= Dataset excerpts =
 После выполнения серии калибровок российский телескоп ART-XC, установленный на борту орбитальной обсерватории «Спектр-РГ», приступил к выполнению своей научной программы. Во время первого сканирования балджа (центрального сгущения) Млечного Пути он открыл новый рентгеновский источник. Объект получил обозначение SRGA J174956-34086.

==

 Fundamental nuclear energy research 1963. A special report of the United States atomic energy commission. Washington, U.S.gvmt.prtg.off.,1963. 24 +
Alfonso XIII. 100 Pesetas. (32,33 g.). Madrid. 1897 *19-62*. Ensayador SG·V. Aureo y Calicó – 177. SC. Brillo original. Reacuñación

= Task to complete =
Looking back over the data above, restate word for word the lines that begin at the line with "Fundamental nuclear energy" and end at the line with "Alfonso XIII. 100", inclusive.

= Output for this task =
 Fundamental nuclear energy research 1963. A special report of the United States atomic energy commission. Washington, U.S.gvmt.prtg.off.,1963. 24 +
Alfonso XIII. 100 Pesetas. (32,33 g.). Madrid. 1897 *19-62*. Ensayador SG·V. Aureo y Calicó – 177. SC. Brillo original. Reacuñación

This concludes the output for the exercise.